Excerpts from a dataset
──────

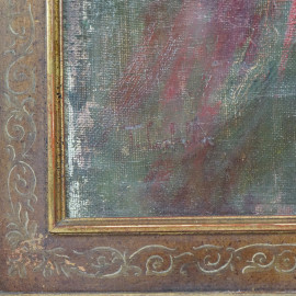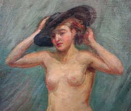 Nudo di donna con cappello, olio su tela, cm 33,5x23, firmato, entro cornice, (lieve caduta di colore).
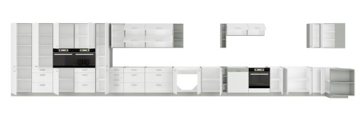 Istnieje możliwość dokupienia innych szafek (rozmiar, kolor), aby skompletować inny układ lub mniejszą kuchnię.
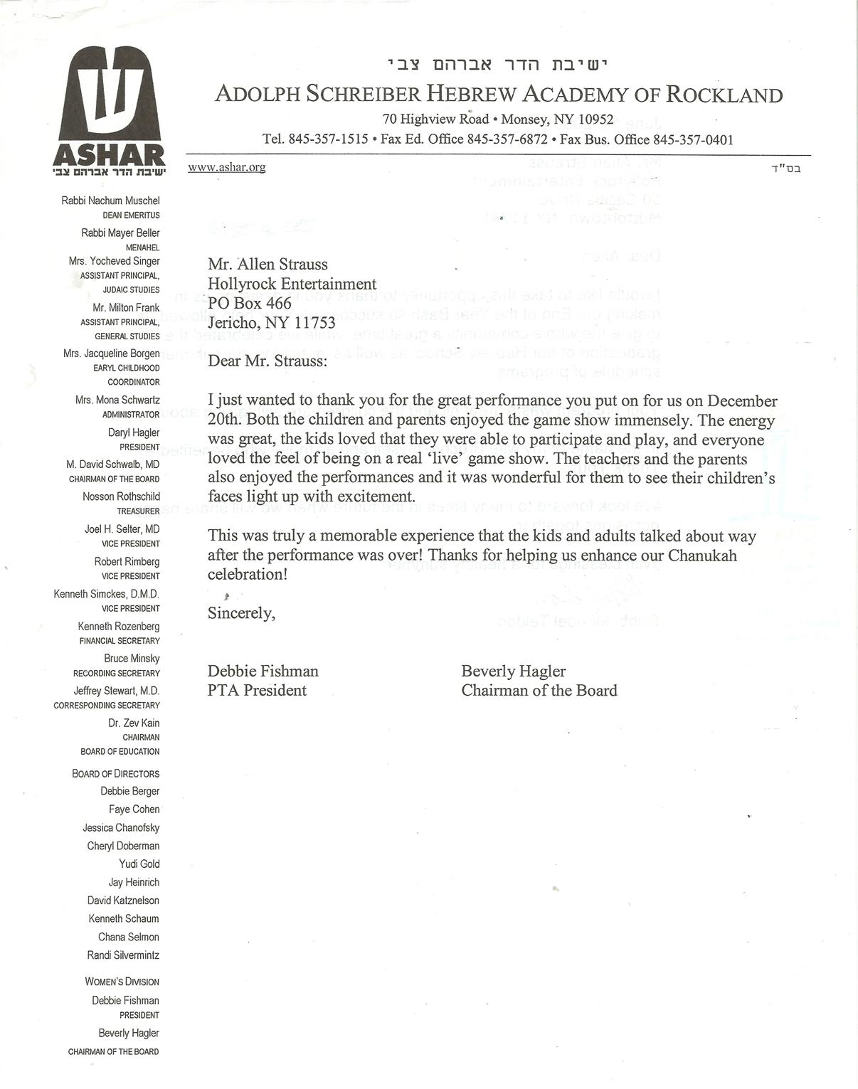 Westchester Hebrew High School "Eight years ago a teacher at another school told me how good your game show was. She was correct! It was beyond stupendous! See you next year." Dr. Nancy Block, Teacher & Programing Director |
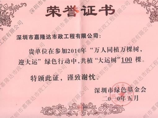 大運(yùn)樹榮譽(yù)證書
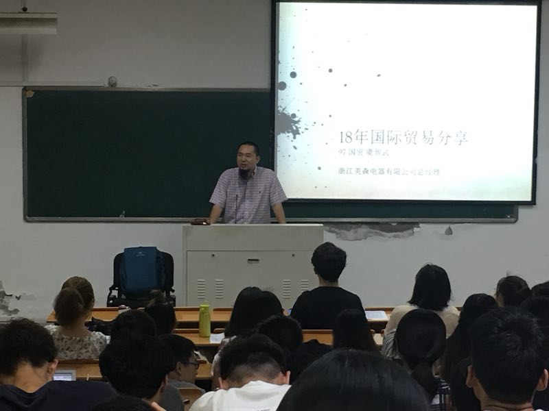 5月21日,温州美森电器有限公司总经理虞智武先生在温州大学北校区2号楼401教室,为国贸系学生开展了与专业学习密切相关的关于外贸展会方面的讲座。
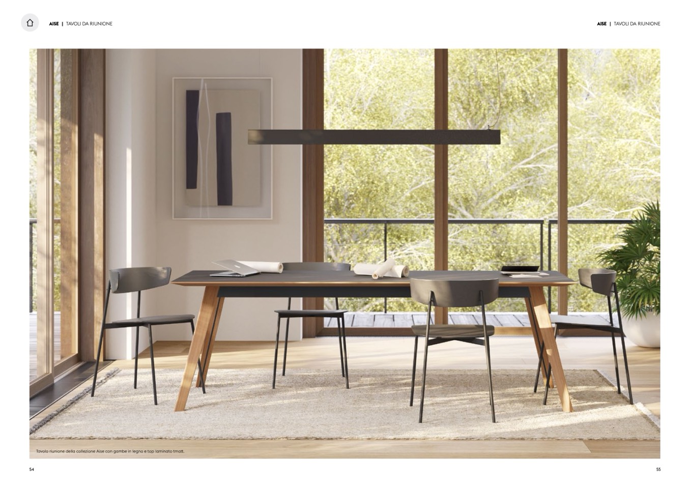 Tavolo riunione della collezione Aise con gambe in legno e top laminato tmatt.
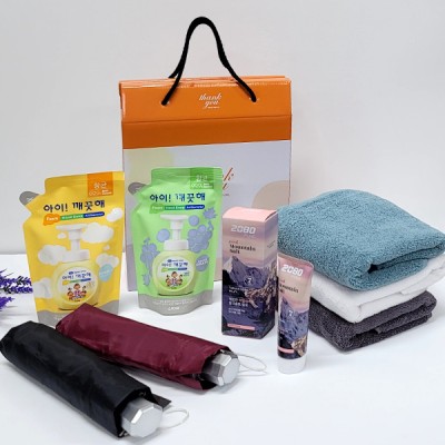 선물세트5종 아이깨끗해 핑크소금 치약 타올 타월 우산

──────

# Aim of the task:
Would you restate the records above word for word and exclude the pictures?

# Solution to this problem:
 Nudo di donna con cappello, olio su tela, cm 33,5x23, firmato, entro cornice, (lieve caduta di colore).
 Istnieje możliwość dokupienia innych szafek (rozmiar, kolor), aby skompletować inny układ lub mniejszą kuchnię.
 Westchester Hebrew High School "Eight years ago a teacher at another school told me how good your game show was. She was correct! It was beyond stupendous! See you next year." Dr. Nancy Block, Teacher & Programing Director |
 大運(yùn)樹榮譽(yù)證書
 5月21日,温州美森电器有限公司总经理虞智武先生在温州大学北校区2号楼401教室,为国贸系学生开展了与专业学习密切相关的关于外贸展会方面的讲座。
 Tavolo riunione della collezione Aise con gambe in legno e top laminato tmatt.
 선물세트5종 아이깨끗해 핑크소금 치약 타올 타월 우산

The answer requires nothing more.